2.5. CHMFL-VEGFR2-002 exhibits low acute toxicity
We then evaluated the toxicity profile of this compound in animals. During acute toxicity study with ICR mice (dosed only once in the first day and continued to observe animals' behavior and body weight for 7 days), we did not observe any death and body weight loss in animals with CHMFL-VEGFR2-002 up to 2000 mg/kg dosage which indicating a low acute toxicity profile (Table 3 and Fig. S4). Comparably, sunitinib started to show toxicity at 500 mg/kg which resulted in apparent body weight loss though it recovered starting from day 4. 1000 mg/kg single dosage of sunitinib resulted in unrecovered body weight loss and 2000 mg/kg dosage led to mice death on day 3 (Table 3 and Fig.

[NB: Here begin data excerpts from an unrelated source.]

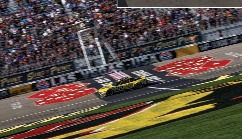
Joey Logano, driver of the #22 Pennzoil Ford, crosses the finish line to win the Cup Series South Point 400 at Las Vegas Motor Speedway on Sunday.
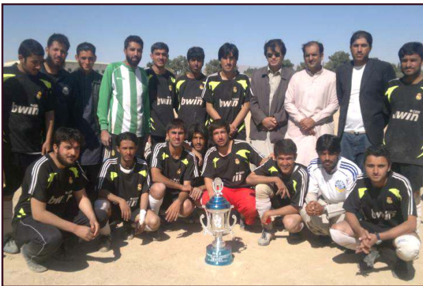
Winners of All Pakistan Inter-varsity Football championship
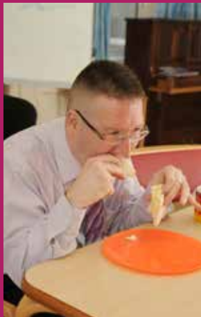
Eats too fast
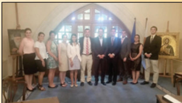
Students with Government Spokesman Nicos Christodoulides.
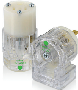
Hospital grade clear
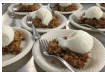
Warm Apple Crisp with Ice Cream
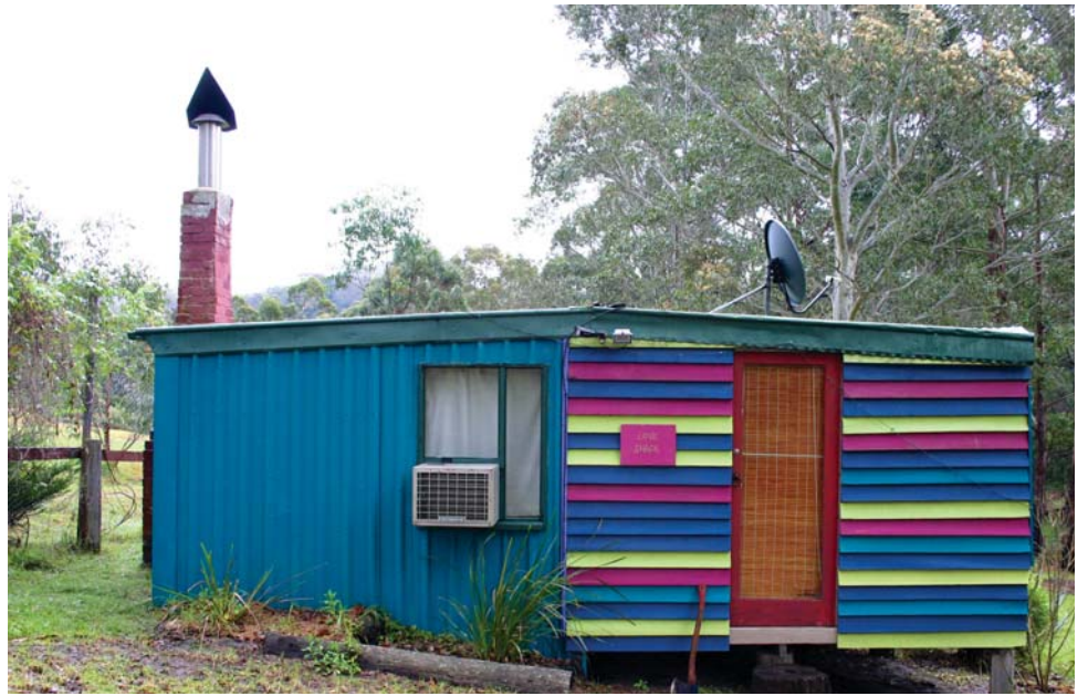
Local favourite the Love Shack at Milton

My friends believe I'm lucky to be a travel writer, thinking staying in hotels around the world, flying to exotic locations and reporting on local attractions is a cool job. Though I have written for countless newspapers, many airlines' in-flight magazines, womens and travel publications and even Business Review Weekly on upmarket accommodation, give me a place on the beach with the dog any time. Oh and my wife too!
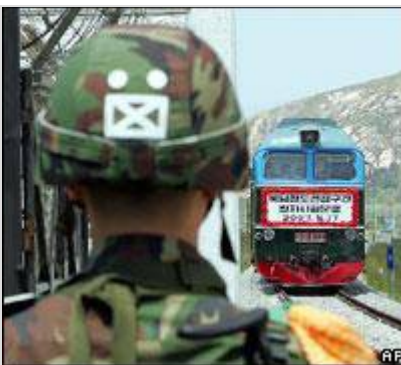
Trains from North and South crossed the border on a test run

Q&A: N Korea's nuclear threat In pictures: Yongbyon N Korea demolishes reactor tower
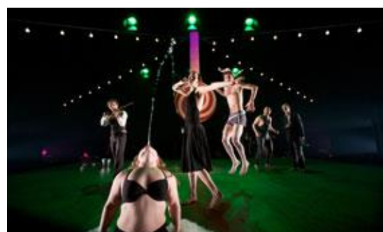
Mute Comp. Physical Theatre: Grasping The Floor With The Back Of My Head (DK) www.mute-comp.dk

S4).
Table 3.
Acute toxicity test of CHMFL-VEGFR2-002 and sunitinib.
| Compd. | Dosage (mg/kg) | Concentration (mg/mL) | Volume (mL/mouse) | Number of deaths (death/total) |
|---|---|---|---|---|
| Vehicle (HKI) | 0 | 0 | 0.2 | ♀: 0/2 |
| CHMFL-VEGFR2-002 | 2000 | 200 | 0.2 | ♀: 0/2 |
| 1000 | 100 | 0.2 | ♀: 0/2 | |
| 500 | 50 | 0.2 | ♀: 0/2 | |
| 250 | 25 | 0.2 | ♀: 0/2 | |
| 125 | 12.5 | 0.2 | ♀: 0/2 | |
| Sunitinib | 2000 | 200 | 0.2 | ♀: 2/2 |
| 1000 | 100 | 0.2 | ♀: 0/2 | |
| 500 | 50 | 0.2 | ♀: 0/2 | |
| 250 | 25 | 0.2 | ♀: 0/2 | |
| 125 | 12.5 | 0.2 | ♀: 0/2 |
2.6. CHMFL-VEGFR2-002 inhibits embryonic angiogenesis in zebrafish models
To test the anti-angiogenic effect of CHMFL-VEGFR2-002 in vivo, we used the transgenic zebrafish (kdrl:EGFP) as a rapid and visual model for the evaluation of anti-angiogenic action in vivo. Zebrafish embryos were incubated 72 h with CHMFL-VEGFR2-002, DMSO, and sunitinib. Digital images were captured using the fluorescence microscope and the fluorescence images showed that, similar to sunitinib, CHMFL-VEGFR2-002 strongly inhibited the formation of intersegmental vessels in a dose-dependent manner with the intersegmental vessels almost completely blocked at the concentration of 1 μmol/L (Fig. 4). Therefore, the anti-angiogenesis effect of CHMFL-VEGFR2-002 can also be demonstrated in zebrafish model.
Figure 4.
CHMFL-VEGFR2-002 inhibited angiogenesis in zebrafish and tumor growth. CHMFL-VEGFR2-002 inhibited the Intersegmental vessel (ISV) growth. The transgenic zebrafish (EGFP) was treated with DMSO, CHMFL-VEGFR2-002, and sunitinib.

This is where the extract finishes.